Karen was born and raised in Damariscotta. She now lives in Hallowell with her wife, where they eagerly await the return of the riverside rainbow Adirondack chairs each spring.
Public Policy Director
Andrea Mancuso joined MCEDV in January 2019 as the Public Policy Director. She came to MCEDV after spending many years representing survivors of domestic violence and sexual assault in civil court.
After earning her law degree at Georgetown University Law Center, Andrea began her advocacy journey as a staff attorney.
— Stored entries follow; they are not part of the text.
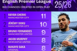 本賽季英超運動戰創造重大機會榜:
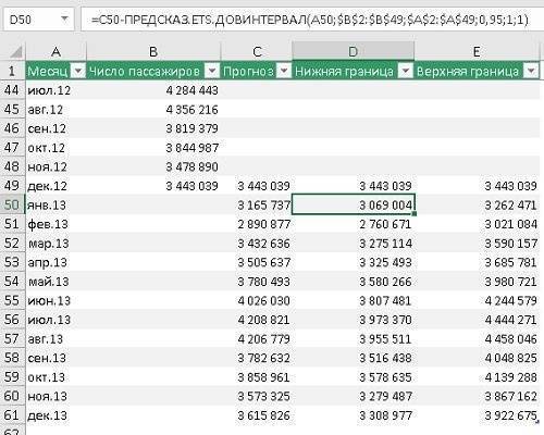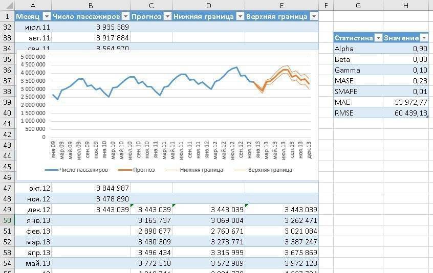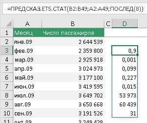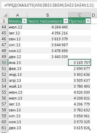 Второй аргумент - values = $ B $ 2: $ B $ 49. Исторические данные о пассажиропотоке можно найти здесь. Ссылка является абсолютной, поэтому при перетаскивании формулы ячейки, на которые указывает ссылка, не изменяются.
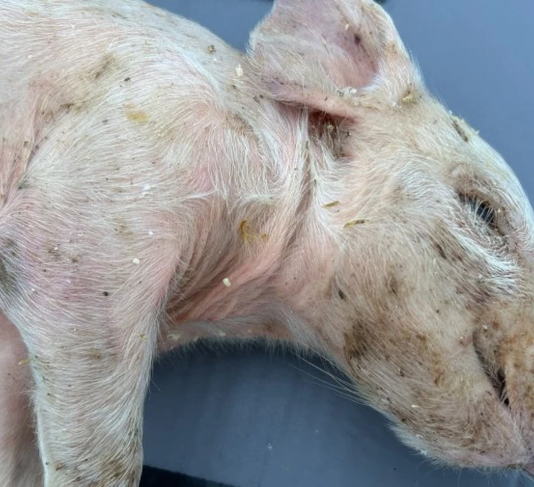 Dem VGT zugespielte Fotos zeigen Schriftzüge „Auf Vollspaltenboden gestorben“ und „Das ist das Schicksal von Schweinen unter der FPÖ“ auf dem toten Schwein beigefügten Plakaten
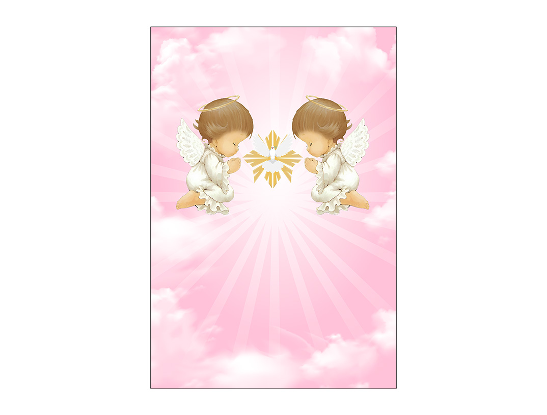 Painel De Festa Vertical 1,50 x 2,20 - Batizado Anjinhos Rosa 036

Then, she became the Director of Legal Services and Public Policy at the Domestic Violence Crisis Center in Connecticut.
In 2014, Andrea moved back to Maine to join Pine Tree Legal Assistance as a staff attorney in Portland, where she represented survivors across several counties in Southern Maine in the District Courts. Andrea lives in Southern Maine with her husband, their daughters, and two cats.
Amy Gatchell has spent 10 years working in the education, non-profit, and human services sectors. She values the importance of strengthening families and communities through education and increased opportunities. Amy earned a bachelor’s degree from the University of Maine at Farmington with an individualized major in Art, Business, and Disability Studies.
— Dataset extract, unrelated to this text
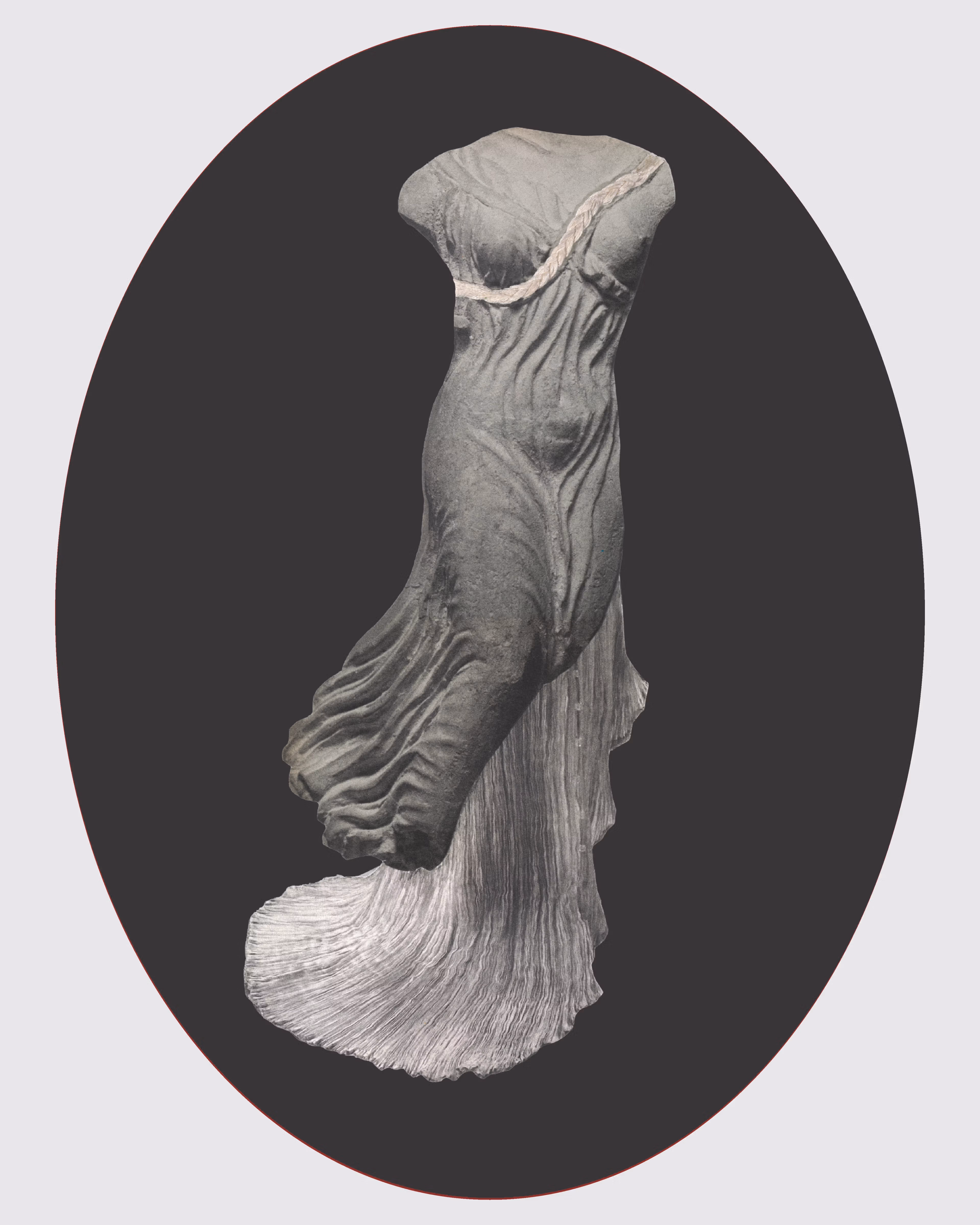 Colaj: Rochia Delphos de Fortuny, Adèle Henriette Elisabeth Nigrin Fortuny și Mariano Fortuny y Madrazo, The Metropolitan Museum of Art, New York, Gift of Frances J. Kiernan, 2005 (2005.328); statuetă de teracotă cu Nike, personificarea victoriei. The Metropolitan Museum of Art, New York, Rogers Fund, 1907 (07.286.23). De Julie Wolfe.
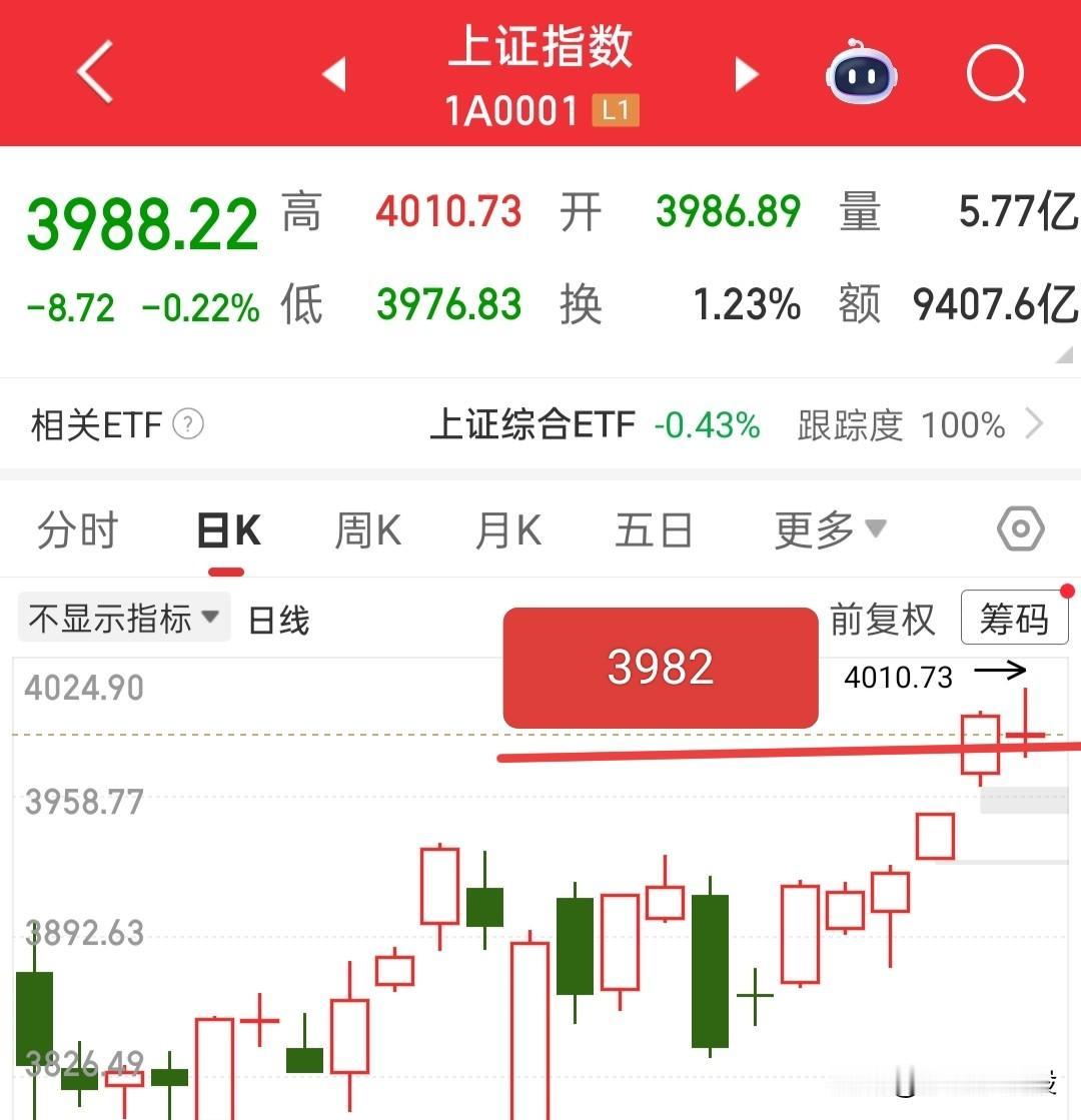 又要开盘了,今天如何应对呢? 昨日盘中一度缩量2600亿,下午跳水成交量一度放量近1000亿,尾盘企稳后成交量又再次缩量300亿! 从量能来说,跳水放量是因为获利盘跑路并且踏空资金入场,从跳水的形态来看,应该又是量化设定的程序,到了4000点就开砸! 从尾盘来看,昨日承接还是不错的,量化没能砸下去,那就说明多空旗鼓相当,都在等待今天的走势! 那么今天我们只需要关注做多点位3982点,这里就是短线资金出局的一个坎,跌破这里不能收回,短线资金大概就要跑路了,如果不跌破这里,那就还有戏,只要今天能反包昨天阳线,将会继续上涨! 港股休市一天,今天的量能会受到影响,那么就看内资愿不愿意在外资休息的时候继续拉一把,让他们来追高了 纯短线思路,中线忽略,4000点不是顶,只是腰! 盘中再聊吧!

Amy has worked as a behavioral health professional, supporting children and families at home to build a life, coping skills, and structures that lead to more peaceful home environments. She has also provided safety programming, including Bully and Tease Prevention, Baby Think It Over, Safe Touch, and Seat Belt Safety, supported Civil Rights Teams, provided tutoring and experiential enrichment programs for students of all ages.
She has worked in various educational settings, including UMF’s GEAR UP College Access Program. She helped create an atmosphere in local schools where students could expect to graduate college-ready. Thus, dramatically increasing post-secondary and first generational college-going rates.
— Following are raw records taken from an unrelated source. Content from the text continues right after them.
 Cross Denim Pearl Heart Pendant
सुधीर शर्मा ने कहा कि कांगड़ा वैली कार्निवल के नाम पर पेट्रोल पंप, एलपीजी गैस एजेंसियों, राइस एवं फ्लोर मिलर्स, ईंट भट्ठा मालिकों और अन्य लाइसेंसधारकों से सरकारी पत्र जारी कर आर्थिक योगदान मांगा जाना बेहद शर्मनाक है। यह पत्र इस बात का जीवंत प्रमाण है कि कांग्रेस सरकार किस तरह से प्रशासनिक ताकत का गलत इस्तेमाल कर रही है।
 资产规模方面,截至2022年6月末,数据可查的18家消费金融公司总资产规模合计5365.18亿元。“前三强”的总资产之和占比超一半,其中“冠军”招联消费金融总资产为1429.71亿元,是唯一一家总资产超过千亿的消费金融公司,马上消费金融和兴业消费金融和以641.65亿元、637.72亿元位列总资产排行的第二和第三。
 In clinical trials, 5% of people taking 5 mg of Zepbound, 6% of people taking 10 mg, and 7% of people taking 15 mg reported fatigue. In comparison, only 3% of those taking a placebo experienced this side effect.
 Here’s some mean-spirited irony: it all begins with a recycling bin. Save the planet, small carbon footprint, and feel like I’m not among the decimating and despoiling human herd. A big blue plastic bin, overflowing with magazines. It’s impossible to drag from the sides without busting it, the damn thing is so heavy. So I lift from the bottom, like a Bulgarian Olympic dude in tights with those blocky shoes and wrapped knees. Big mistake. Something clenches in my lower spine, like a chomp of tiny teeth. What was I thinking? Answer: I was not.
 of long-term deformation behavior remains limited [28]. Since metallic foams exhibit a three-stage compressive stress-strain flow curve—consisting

Amy joined the team at MCEDV in November 2018. She is excited to continue her nonprofit work serving Maine communities. She is proud to work for such an inclusive organization dedicated to making Maine a safer place for everyone.
Amy currently lives in the Lakes region. She enjoys swimming, kayaking, and hiking with her partner and their three dogs. She loves art and spends her free time painting, crafting, or playing the ukulele. She gardens in the summer and greatly appreciates fresh eggs from her chickens.
Housing Services Coordinator
Kate Easter came to MCEDV in 2019, bringing many years of experience working in the data integrity and compliance sector. Kate previously worked for the Maine College of Art in the Registrar’s Office and at the Loring Job Corps Center as the Data Integrity and Student Records Manager.
She attended Marlboro College for a Bachelor’s Degree in Rural Sociology and Theater. In 2011, she received a Master’s Degree in Business Management with a concentration in Knowledge Management from Minot State University in Minot, ND through the Job Corps Executive Management Program.
Kate lives in Aroostook County. She has a firm commitment to deepening her connection to small-town life, rural communities, and culture. Kate is eager to bring her professional experience and a County perspective to the Housing Services Coordinator position:
“I am excited to be a member of the MCEDV staff and bring the critical perspective of the intersections of domestic violence, homelessness, and housing into even more conversations around the tables in Maine.”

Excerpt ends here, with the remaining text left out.